(Records excerpted from a collection)

*-*-*

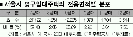 영구임대주택은 전용면적 7∼12평으로 공급되었다. 서울의 경우도 전용면적 7∼9평이 4만 598호(86.0%),10∼12평이 6626호(14.0%)로 초소형 주택 중심으로 공급되었다.‘주택법’에 의한 최저주거기준이 3인 표준가구의 경우 방 2개에 주거면적 8.8평,4인 표준가구의 경우 방 3개에 주거면적 11.2평임을 감안할 때, 매우 작은 규모이다.
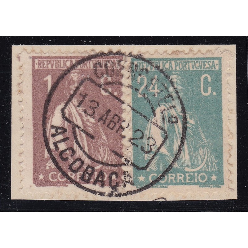 Alcobaça - Fragmento com selos nºs 221 e 241. Exemplar em boas condições.
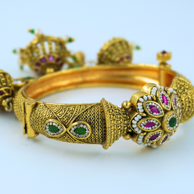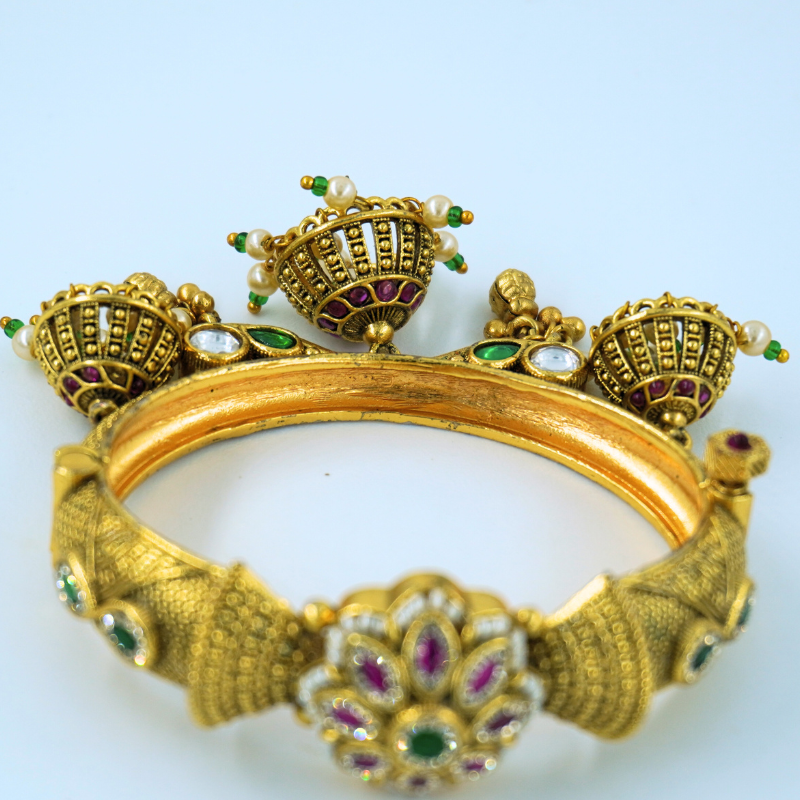 November 19, 2025This exquisite bracelet showcases a floral kundan motif accented with ruby and emerald stones, complemented by ornate temple-style dome charms. Its regal craftsmanship and rich antique finish make it a stunning choice for festive and traditional occasions.
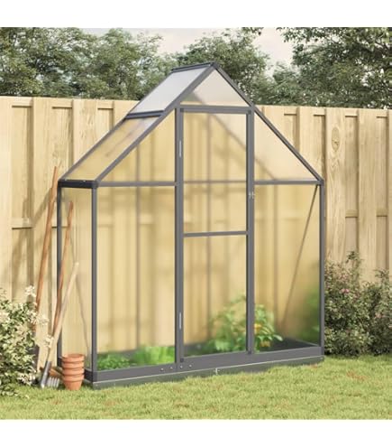 Hauteur de la base : 10,5 cm Sa conception est parfaitement adaptée pour accueillir une variété de plantes, qu'il s'agisse de fleurs délicates ou de légumes savoureux. Avec ses dimensions optimales, cette serre à fleurs s'intègre facilement dans votre jardin, sur votre balcon ou votre terrasse Fabriquée en aluminium et en acier, cette solide serre est résistante aux UV et isolée thermiquement. Avertissement De Sûreté L'assemblage nécessite une manipulation minutieuse des bords de verre tranchants et des composants lourds. Créez un espace idéal pour propager les graines et les protéger du froid avec cette serre en verre Garantit une bonne ventilation et un ancrage lors de l'installation. La serre en verre garantit la croissance efficace de vos plantes en stockant l’humidité et en offrant une protection optimale contre les conditions météorologiques extrêmes., Couleur : anthracite Serre en verre – Trouvez le meilleur prix Dimensions de la porte : 49 x 154 cm (l x H) L'abri en verre a une construction en aluminium robuste et sans entretien avec un cadre de base en acier pour plus de stabilité. Épaisseur de verre : 3 mm Créez un espace idéal pour propager les graines et les protéger du froid avec cette serre en verre. Fabriquée en aluminium et en acier, cette solide serre est résistante aux UV et isolée thermiquement Structure Aluminium Acier VidaXL Serre En Verre Abri Plantes Serre à Fleurs Serre à Plantes Serre En Verre Jardin Dimensions : 155 x 200,5 x 191 cm (l x P x H)
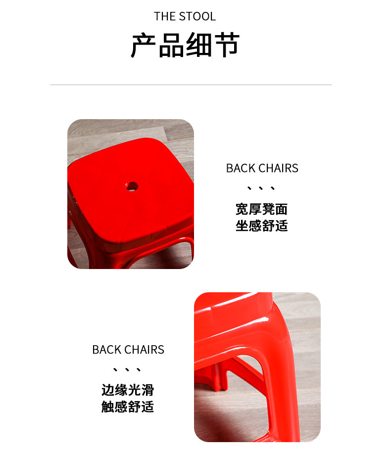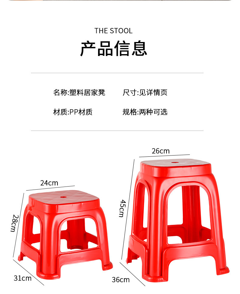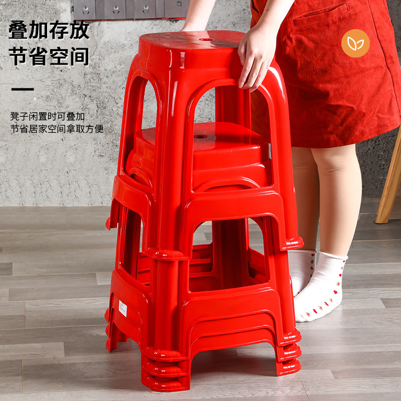 塑料凳子家用加厚成人大排档椅子红色高凳可叠放板凳方凳塑胶批发
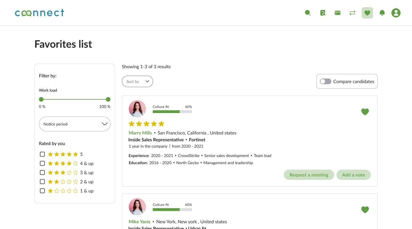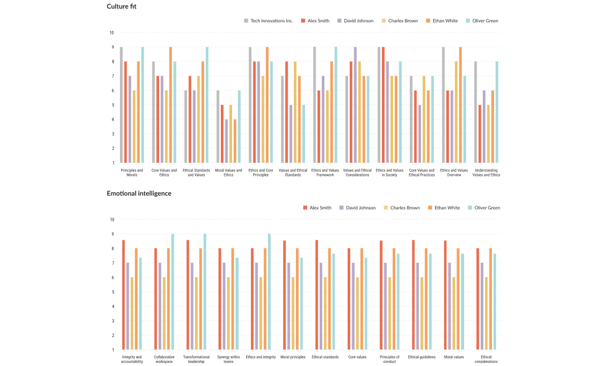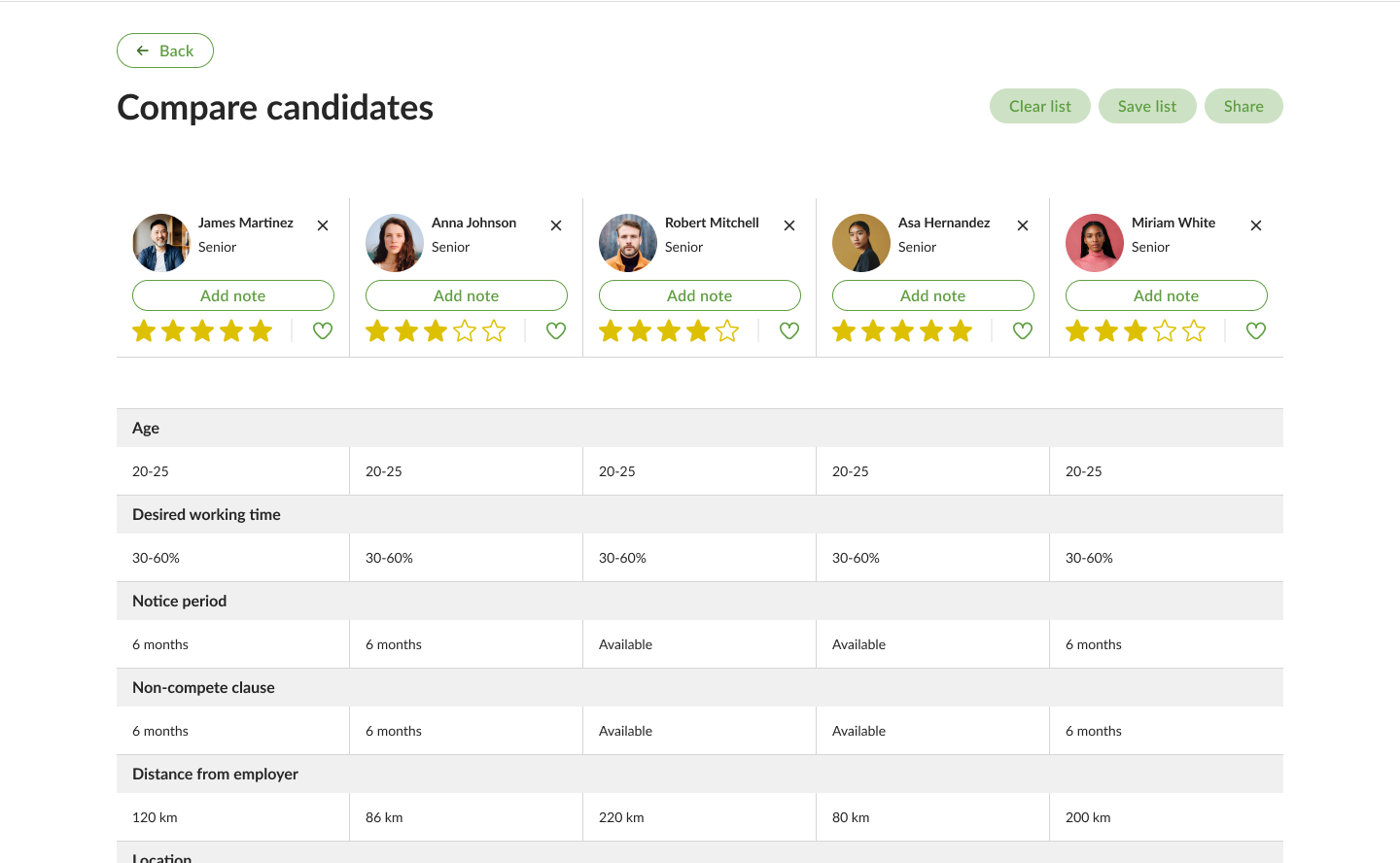 When comparing candidates, we wanted to strip data to its core. Our users tend to have medium attention span, not just numbers. We created a side-by-side view for up to 5 candidates, useful for comparing features like business fit, mindset, and professional skills. Although users initially requested the ability to compare up to 10 candidates, user testing showed that anything beyond 5 causes cognitive overload.
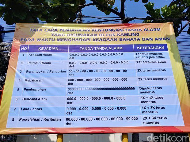 Sementara itu, jika pukulan dua kali putus-putus seperti ‘tong tong, tong tong’, artinya petugas keamanan mengabarkan kalau ada pencurian. Berbeda jika ada kebakaran, kentongan akan diketuk tiga kali secara terus menerus. Untuk kode bencana alam, maka tiang listrik akan dipukul tiga kali ditambah satu kali dengan jeda secara terus menerus.
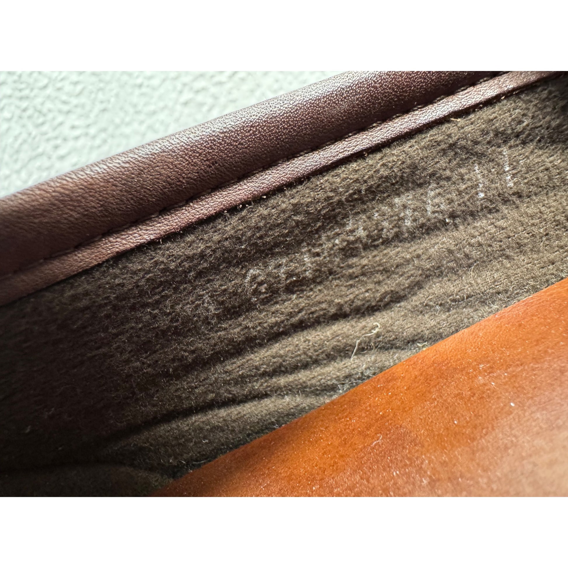 Minor scuffs visible on leather upper and back. Outsole shows light wear. Length from toe to heel = 12 inches.
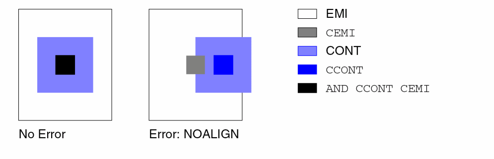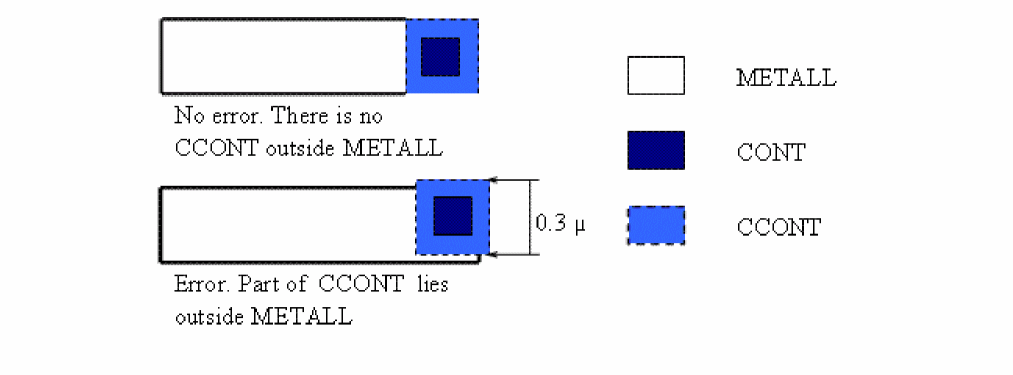 Checks for a contact layer that is not covered by a related conductor layer in either the composite plane or in the Hcells. You must specify the contact layer and related connect layers in a prior CONNECT command.
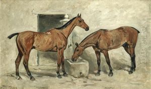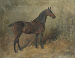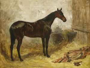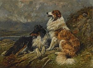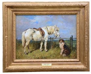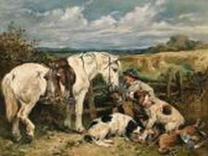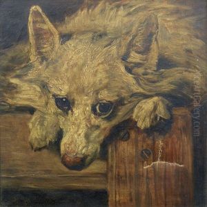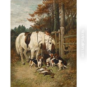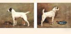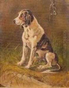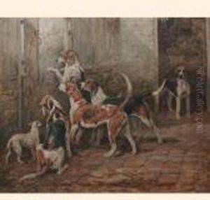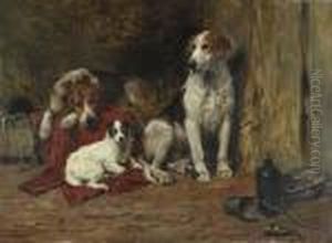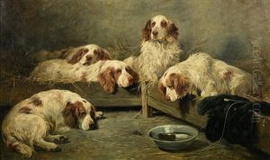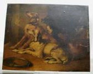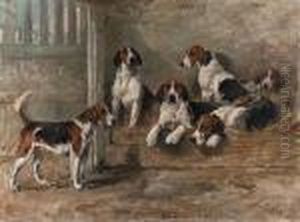Hours Of Idleness; Foxhounds And A Terrier In A Kennel
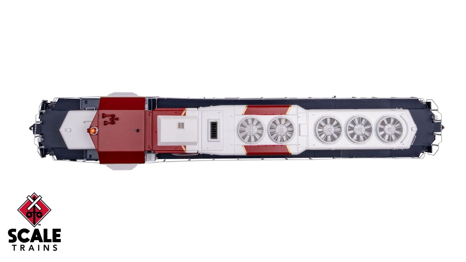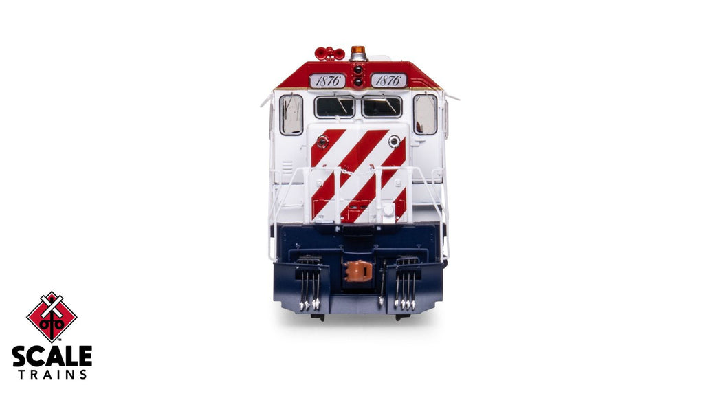 - Front EMD-style high pilot plow without multiple unit (MU) hose doors and grab irons and rear multiple unit (MU) hose catch tray
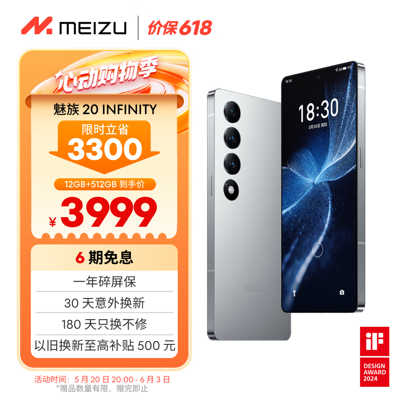 魅族(MEIZU)20 INFINITY无界版 骁龙8Gen2 Flyme系统 2K+臻彩屏 5G游戏学生拍照 领克手机域 太空银 12+512GB价格:3999.00元!
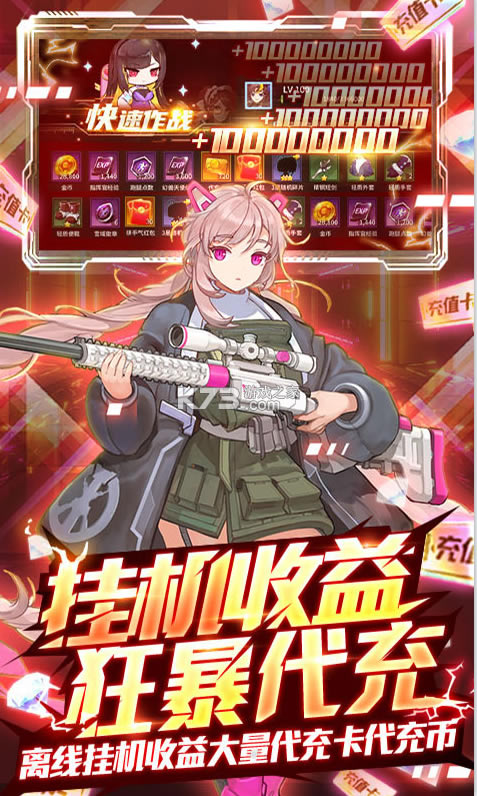 解锁二次元美少女,享受VIP待遇和华丽特效。 培养需要大量资源,新武器带来了很多帮助
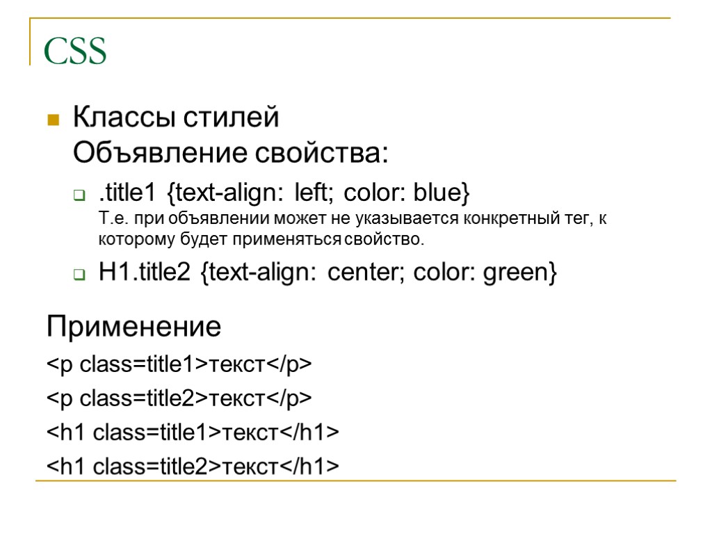 CSS Классы стилей Объявление свойства: .title1 {text-align: left; color: blue} Т.е. при объявлении может не указывается конкретный тег, к которому будет применяться свойство. H1.title2 {text-align: center; color: green} Применение
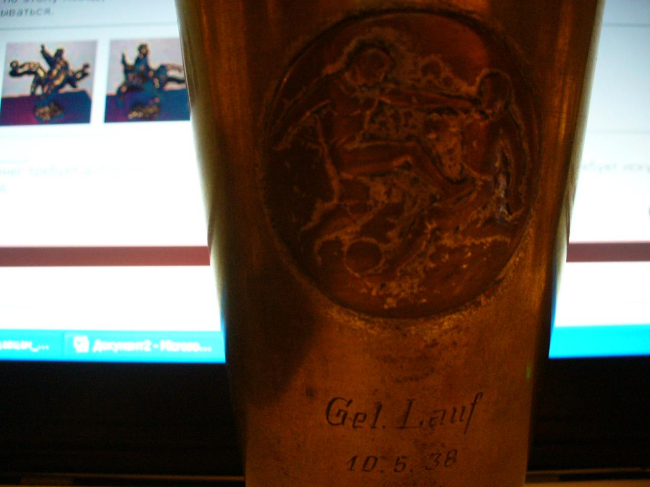 Отсутствует немецкая педантичность: подпись награждаемого (обычно на основании, камень и т.д.); автор работы указывался, практически всегда, учитывая событие - 100%. Исполнение: времена триумфа воли, а работа скорее представителя "дегенеративного" направления искусства; лица не арийские, ну и ню - это не Германии 30-х с их культом античного тела. Для примера, это фото части футбольного кубка. Прошу прощение за качество - оперативная съемка. Последний раз редактировалось U_Z; 23.11.2009 в 23:55. |

*-*-*

◆ **Work instructions**
All pictures are to be skipped; the lines from the first line of the records through the line containing "November 19, 2025This" are to be repeated exactly, both ends included.

◆ **Result**
 영구임대주택은 전용면적 7∼12평으로 공급되었다. 서울의 경우도 전용면적 7∼9평이 4만 598호(86.0%),10∼12평이 6626호(14.0%)로 초소형 주택 중심으로 공급되었다.‘주택법’에 의한 최저주거기준이 3인 표준가구의 경우 방 2개에 주거면적 8.8평,4인 표준가구의 경우 방 3개에 주거면적 11.2평임을 감안할 때, 매우 작은 규모이다.
 Alcobaça - Fragmento com selos nºs 221 e 241. Exemplar em boas condições.
 November 19, 2025This exquisite bracelet showcases a floral kundan motif accented with ruby and emerald stones, complemented by ornate temple-style dome charms. Its regal craftsmanship and rich antique finish make it a stunning choice for festive and traditional occasions.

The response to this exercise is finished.